Dark Teatime of the Doctor’s Soul: The Past Doctor Adventure Rags

rags

Image Credit: James Ashworth – All Rights Reserved

Image Description: Arnos Vale Cemetery

By James Ashworth

With a third Doctor story, there are a few things you expect. The Dashing Hero. The Glamorous Assistant. UNIT will probably make an appearance. This novel will seek to confound your expectations by only giving you the latter of the three, and even then in an almost unrecognisable form for the majority. This novel, published in 2001, and its author, Mick Lewis, give us the Dark Horse of Third Doctor stories, particularly appropriate given its cover. Enter the 1970s, and enter punk rock…

After a brief prologue, the novel opens with a crash. A punk band is hit by a group of Exeter Uni students, and the discovery of an ancient dagger leads to the band becoming possessed by the Ragman, heading his Ragged Army. They then proceed on a series of gigs across the country, taking in Dartmoor, Glastonbury and Bristol along the way. Their music changes people, makes them hate, and so a trail of murder follows closely behind them. The Doctor sends in Jo as his agent, but she is soon under the Ragman’s spell, while the Doctor soon falls into his clutches. As even the Brigadier is corrupted, it takes the family which began it all to take on the Ragman in a battle for society and civilisation as we know it.

For fans of Terry Pratchett, this plot may seem oddly familiar. If you exclude the Ragman’s descendants, this novel reads as a dark reflection of Soul Music, published 7 years earlier in 1994. A down on their luck band finds an object of great power. Their music releases this power and this warps the people around them, leaving chaos in their wake. Meanwhile, a person of great power seeks to track them down and stop them before the power can achieve its goal. Even the concept of the band having no real name is common to both novels! With only a few alterations, and a drastic change of tone, it would be quite easy to see the Doctor and Jo exploring Ankh-Morpok, chasing after ‘The Band with Rocks in’ instead.

Perhaps the most powerful part of this novel is the atmosphere.

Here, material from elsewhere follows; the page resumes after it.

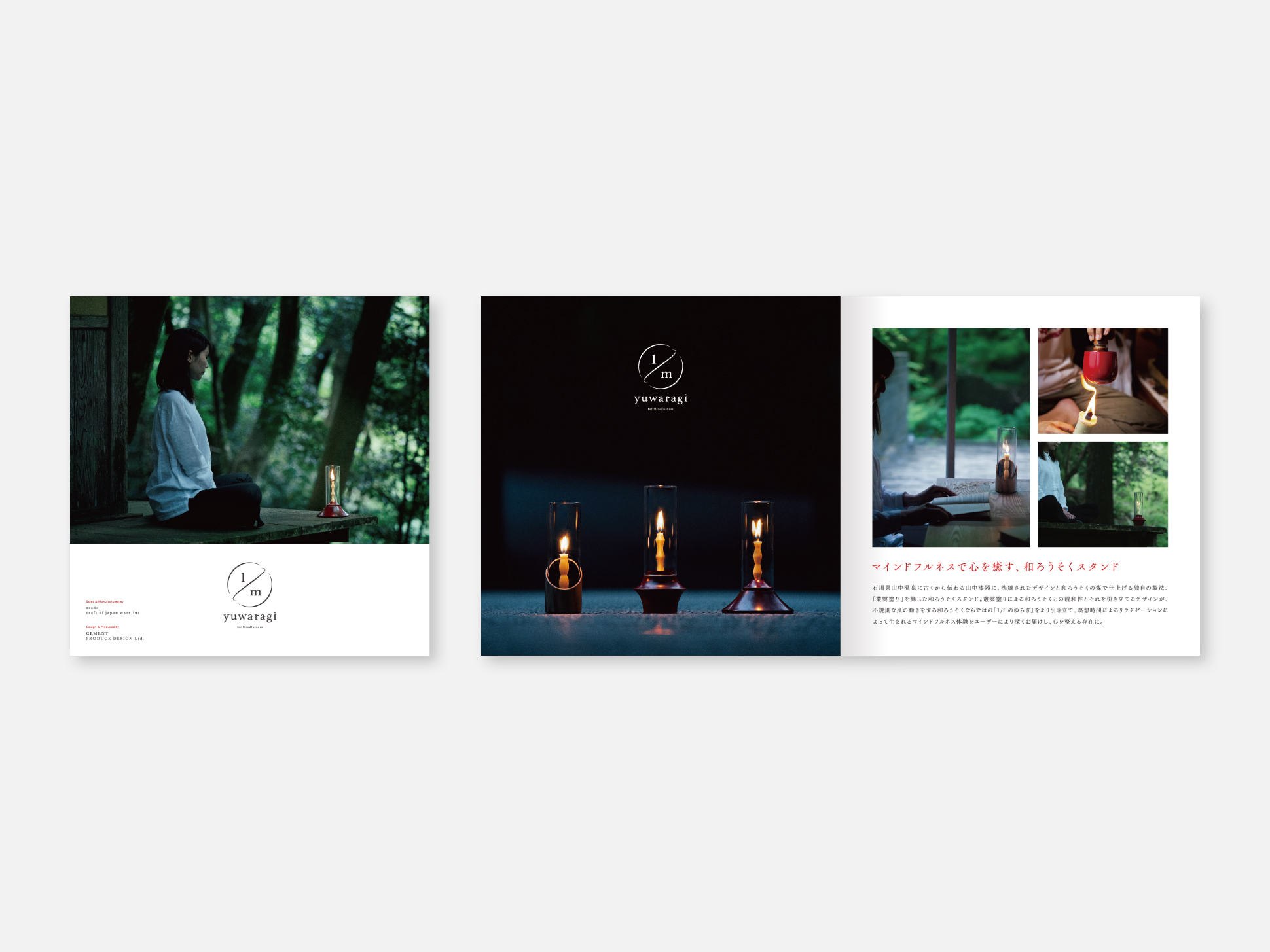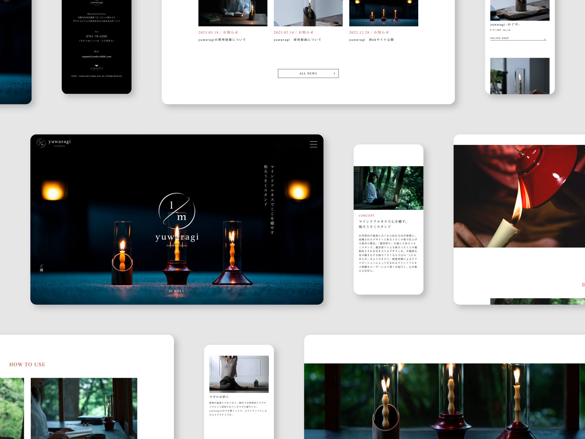和ろうそくを美しい漆で仕上げた燭台で彩る和ろうそくスタンド、「yuwaragi」のプロダクト・ネーミング・ロゴマーク・パッケージ・キービジュアル・リーフレット・Webサイトのデザインを担当させて頂きました。
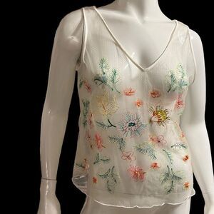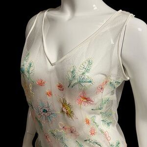 BANDOLINO White Sheer Embroidered Cropped Top size 12

Dark and overbearing, dank and depressing, it sucks away any levity to leave a bleak world that our heroes find themselves in. But then again, that’s exactly the point. This novel focuses on the unrest and hardship that is a key component of the history of the 1970s, perhaps reaching its climax in ‘The Winter of Discontent’. The Ragman, and the Band as an extension, preys upon the desperation and disaffection in order to win followers to its cause, while a few well placed deaths bring the Police, Nobility and even the Royal Family into disrepute, further strengthening their hand. For a Whovian, perhaps the most shocking thing is the corruption of The Brigadier, as I’ve previously mentioned. As the novel progresses, the reserved, rigid demeanour we have come to expect is well and truly broken as The Brigadier becomes a different man entirely. He becomes unrecognisible, as vehement rage spews forth against the Ragged Army, ordering all-out attack as his perception is changed to see them as a threat to the order he holds dear. Jo too is changed, her sweet innocence tainted by the influence of the Band. While she fights it, she still sells out an undercover Sergeant Benton to the Ragged Army, and only the timely intervention of a less corrupted Brigadier can save him. Benton, receiving a knock on the head for his troubles, is the only one, apart from The Doctor, who can truly appreciate the depravity of the band, and the hypocrisy of their message, equality through hate, but his reach is limited. Truly, as the 1977 song says, there are ‘no more heroes anymore’.

Unfortunately, for me, the novel does too good a job at creating this atmosphere. All the characters become thoroughly unlikeable, and getting towards the end of the novel becomes a slog through wave after wave of gore and sadness. It doesn’t help that The Doctor, normally a beacon of light and hope, is caught in The Ragman’s world for most of the final third of the novel, as the atmosphere reaches its nadir, and appears somewhat sparingly before then. While Doctor-lite stories can and have been successful, there needs to be someone to brighten things up a bit, but the only one who fits is Benton, who doesn’t feature enough either for this to work. Also, while the atmosphere may be powerful, the characterisation is also somewhat problematic. While the Ragman may be corrupting them into forms we no longer recognise, the end result are a group of characters who, to me, feel like a bunch of stereotypes rather than unique individuals, making our interest in them more dilute than it should be.

In all, if you’re looking for a different kind of 3rd Doctor story, this is the novel for you. All the familiar points of reference are swept aside, leaving a different kind of story behind. This book definitely has some interesting ideas, but it never quite reaches their full potential, giving us an experiment exploring a different side of the Pertwee era. This, coupled with the grim nature of the story, makes Rags a tough read. Give me Soul Music any day.